There is a cylindrical tank lying on its side filled completely with liquid. The diameter of the tank is 4ft, and the length of the tank is 10 ft.
Here is a terrible drawing of it but close enough:
I have to set up an integral to find the work required to pump all the liquid to a level 1 ft above the top of the tank.
So I have my formula:
Work = π (weight density) ∫ (area)(displacement)(thickness)

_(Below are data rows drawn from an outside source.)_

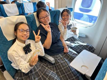 わくわくの修学旅行。新幹線ではトランプなどをして楽しく過ごしています。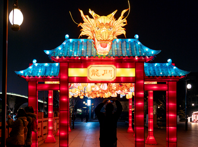 1、现场有大型灯彩组合“祥龙纳福”、“喜悦龙门”许愿长廊特色灯组,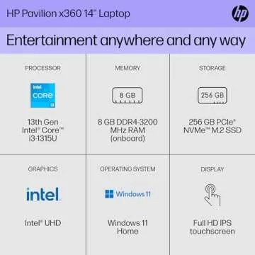 HP Pavilion x360 14 inch Laptop, FHD Touchscreen, 13th Generation Intel Core i3-1315U, 8 GB RAM, 256 GB SSD, Intel UHD Graphics, Windows 11 Home, 14-ek1099nr (2024)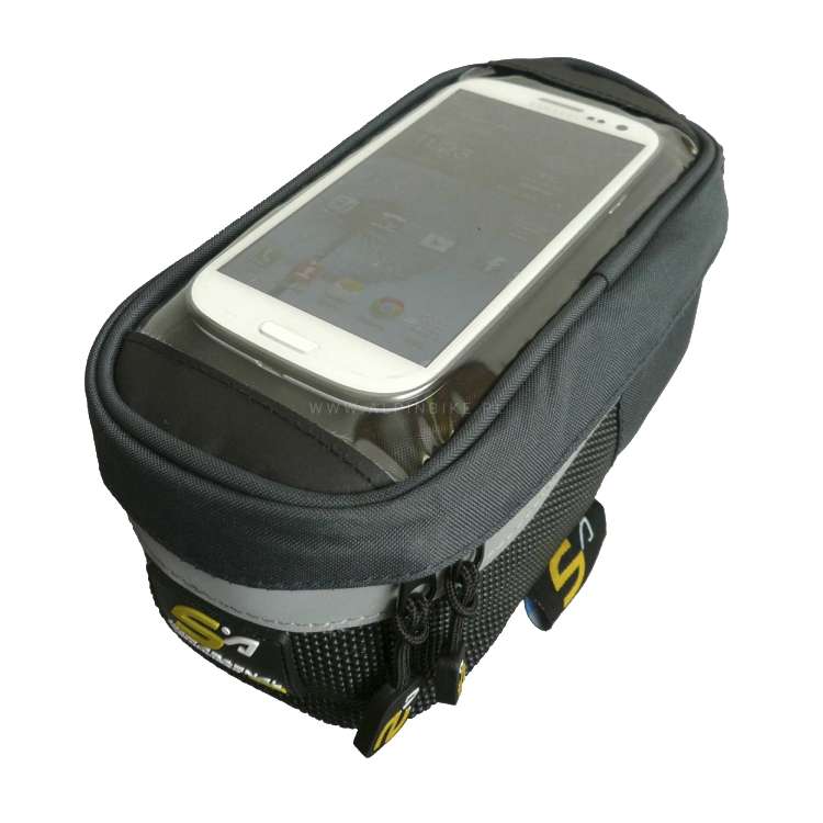 Przezroczysty materiał umożliwia obserwację ekranu w trakcie jazdy. Praktyczna pojemna torba na wszystkie niezbędne rzeczy, które zawsze trzeba mieć w zasięgu wzroku (telefon komórkowy, portfel czy klucze).

Someone else did this problem and obtained a bounds of 2 to -2, a displacement of (3-y), an area of 2x, and a thickness of dy. Where did the 2 to -2, (3-y), and 2x come from? This is probably intuitive but I don't see it.
Best Answer
(Where did $\pi$ come from?)
Look at the tank straight on, so that you only see the circular side. Imagine that circle on the plane, with the center at $(0,0)$. Since the circle has diameter $4$, the bottom of the circle is at $(0,-2)$, and the top of the circle is at $(0,2)$. You want to lift the liquid to one foot above the top of the tank, so you are trying to lift it to the line $y=3$.

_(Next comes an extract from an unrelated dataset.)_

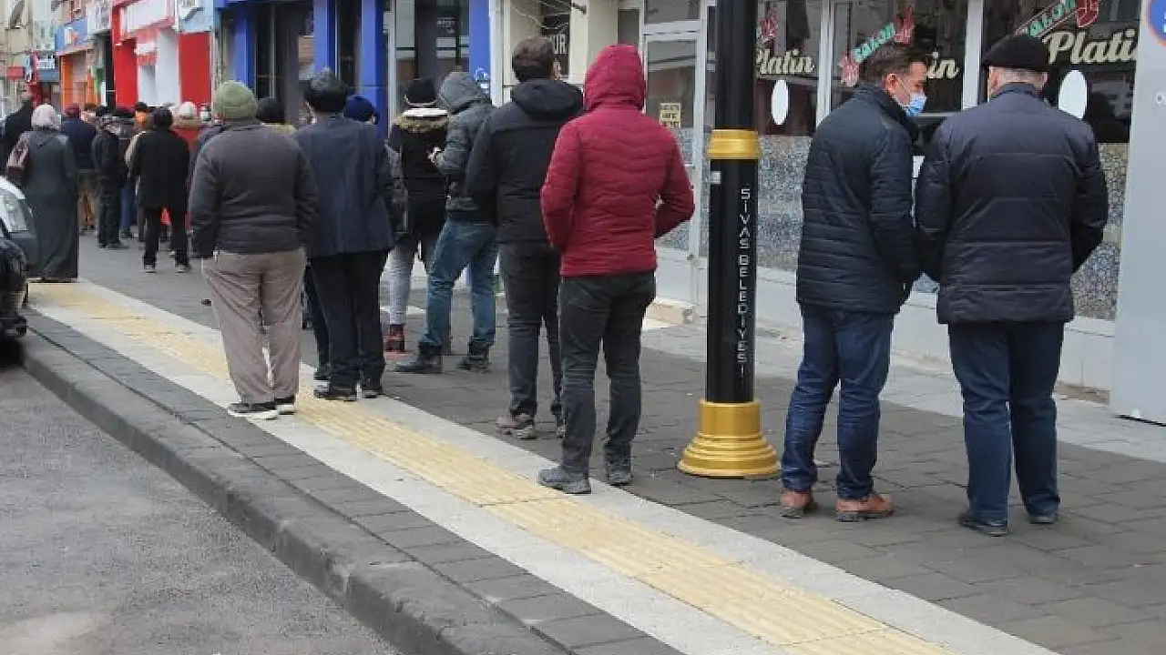 Sivas´ta vatandaşlar, uygun fiyata et alabilmek için Et ve Süt Kurumunun önünde yaklaşık 50 metre uzunluğunda kuyruk oluşturdu. Bu sırada sosyal mesafe de unutuldu.
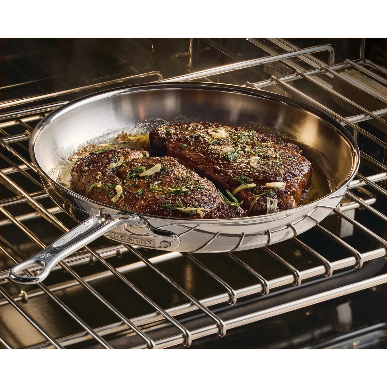 Hestan’s ProBond Luxe cookware take Hestan ProBond pots and pans to the next level. ProBond Luxe cookware features gleaming, mirror-polished exteriors compared to the brushed exteriors of ProBond, along with super-fine, satin-finished cooking surfaces that are even smoother and less porous than the cooking surfaces on ProBond cookware, for easier clean up. Plus, ProBond Luxe pans feature new seamless handles from celebrated chef Thomas Keller that have a flatter angle than ProBond handles, along with a vent hole that eliminates 20% of the heat transfer from the pan to the handle. In addition, these new handles eliminate the seam between the handle and the pan body that can trap food.

Now, take a horizontal slice of that circle of thickness $\Delta y$, at height $y_i$, where $y_i$ is somewhere between $-2$ and $2$. This slice corresponds to a volume of liquid that is approximately equal to the area of this slice, times $10$ (to account for the length of the tank).
To find the area, note that the circle has equation $x^2+y^2 = 4$, so that the $x$ coordinate is given by $x=\pm\sqrt{4-y^2}$. So the width of the slice is going to be $2x=2\sqrt{4-(y_i)^2}$. The thickness is $\Delta y$. So the volume of the slab of liquid is approximately equal to $$20\sqrt{4 - y_i^2}\Delta y\text{ cubic feet.}$$ Now, you want to lift it all the way to $y=3$; how far from $y=3$ are you? Since the slab is at height $y_i$, the distance to $y=3$ is $3-y_i$.

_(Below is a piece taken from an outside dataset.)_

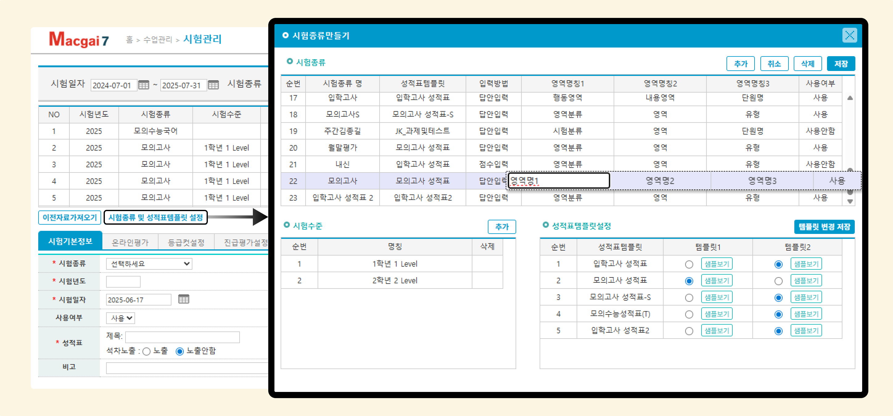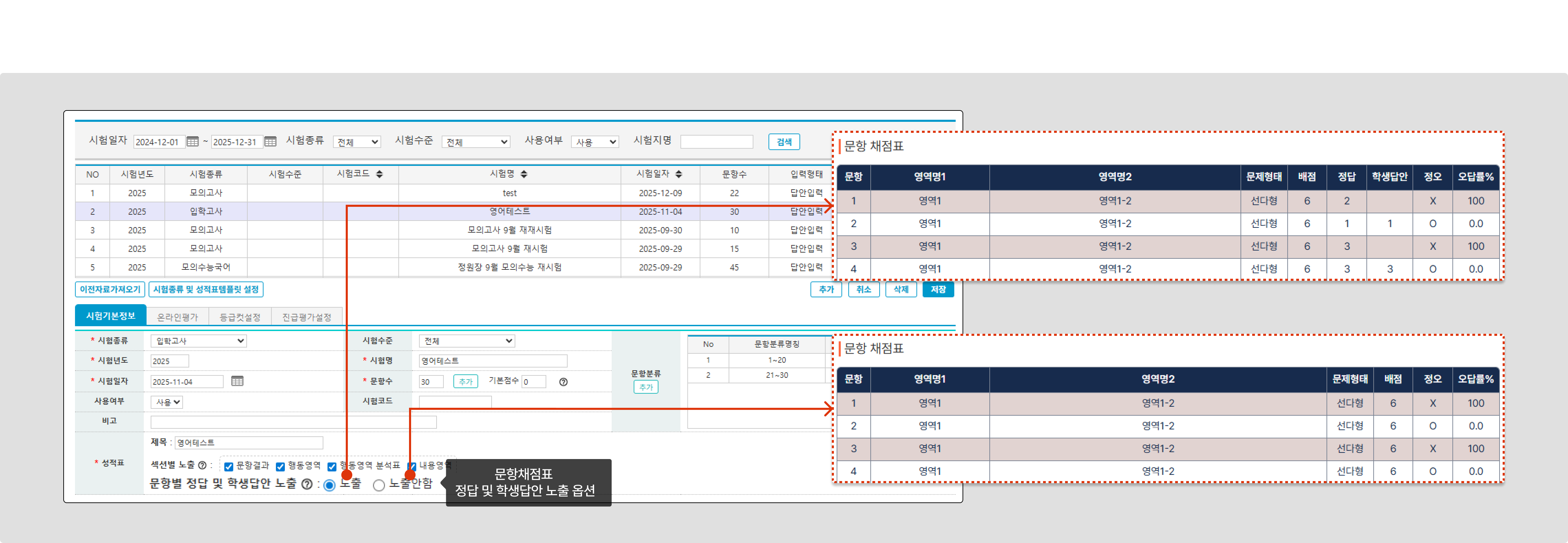 시험별 문항명칭을 수정할 수 있는 기능이 추가되었어요. 자세히 보기↗

So the work done in lifting this one slice of liquid is approximately: $$\begin{align*} \text{Work}&=\text{Weight}\times\text{Displacement}\\ &= \left(\text{Volume}\times\text{Density}\right)\times\text{Displacement}\\ &\approx \left(20\sqrt{4-y_i^2}\Delta y\right)\times\text{Density}\times(3-y_i)\\ &= \text{Density}\times 20(3-y_i)\sqrt{4-y_i^2}\Delta y. \end{align*}$$ (Be sure to get the units right; the density should be in pounds per cubic feet, in which case the units of work will be ft-lbs. )
Now, to get the total work, you slice up the tank into these thin slices, figure out the work for each, and add it all up: $$\text{Work}\approx \sum_{i=1}^n \text{Density}\times 20(3-y_i)\sqrt{4-y_i^2}\Delta y.$$ Taking the limit as $n\to\infty$, this becomes an integral. The integrand is $$\text{Density}\times 20(3-y)\sqrt{4-y^2}\,dy.$$ (The $\sqrt{4-y^2}$ is the value of $x$ at the slice).
What are the limits of integration? Going back to the picture, what are the possible values of $y$? Because $y$ denotes where you are in the tank, and the tank extends from $y=-2$ to $y=2$, then the limits of integration go from $-2$ to $2$.